As I posted on Twitter less than an hour after we cleared this particular winter driving mess: The downside of a winter vacation is often the treacherous drive home!
After a quiet morning of wandering around our hotel in the ankle-deep winter snow of a mountain wonderland it was time to pack the car and start the drive home. But where on one side of the mountain it was sunny and magical, a few kilometers North on the same road, just around that big mountain there, a heavy cloud had settled into the valley and the wind was blowing.
All of this was making for a sketchy drive homeward.
Winter Roads and Mountains.
I was the passenger. This is sometimes the worse seat to be in.
All you can do as the passenger is sit quietly and try not to be a distraction. I accomplished this heavy task by pointing my phone camera out the front of the car windshield and taking in the rare view of a lonely winter drive down an empty mountain highway.
The video called “Winter Drive” is from part of our long, slow, snowy drive yesterday.
I include a second video for context, as “Kananaskis Cruising” was a short out-the-side-window clip of the same twenty-five kilometer stretch of highway we had driven inbound less than fourty-eight hours previous. Notice the lovely mountains that are barely ghostly shadows in the video taken a couple days later.

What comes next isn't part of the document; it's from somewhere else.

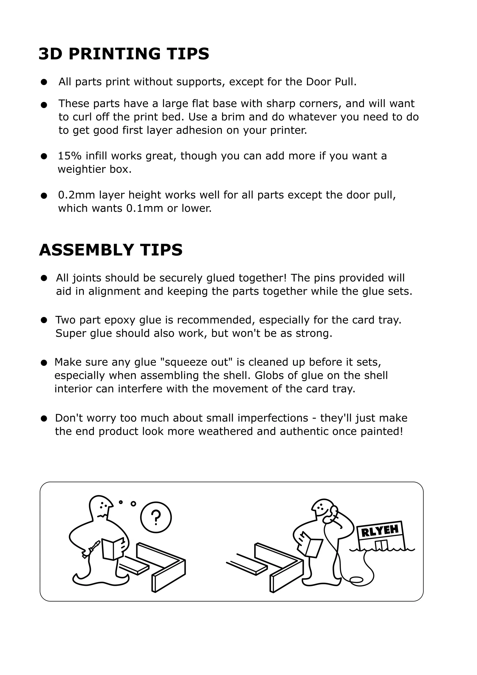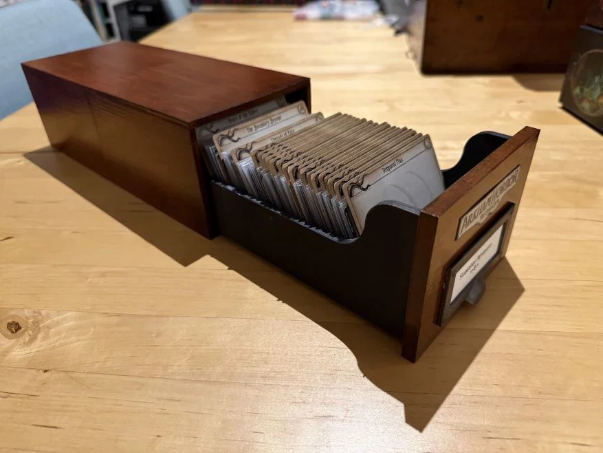 Bộ hộp đựng thẻ kiểu “Return To” cho Arkham Horror LCG, kích thước khớp hộp gốc. Có nhiều bản STL theo chiều dài (170/200/240/296mm) và bản 296mm split, kèm file Fusion 360 để tuỳ chỉnh.

We’re hearty, snow-trained Canadians… eh.
We have high-quality winter tires on our four wheel drive SUV, emergency supplies in the back hatch, and have both driven our share of winter roads.
There was no cell service anywhere along this road.
There was a kid and a puppy in the backseat.
The advanced driving features (lane detection, collision detection, etc) of the car had tapped out and were just flashing a yellow light apologetically from the dashboard.
And snow, ice, cold, and speed are never a trivial combination no matter who you are and what technology you are using.
The worst of the drive (actually) was less impressive visually. As we turned up onto the main four-lane cutting vertically up the province and across the prairies, the one hundred kilometer per hour gusting winds had blown a number of large trucks off the road. The car shook for three hours and we had to stop to refill our windshield fluid because the asphalt couldn’t decide if it was wet, icy, or snowy, but all of it spattered on the glass obscuring the view. Passing these jackknifed in the ditch and watching them through a muddy, snow-streaked pane of glass as the road of gusting wind creaks and groans the seals of the car is a glaring reminder that the buffeting of the vehicle as it shakes is not exactly an amusement park ride.
But in the end… (spoiler alert) we made it home safely, if very slowly.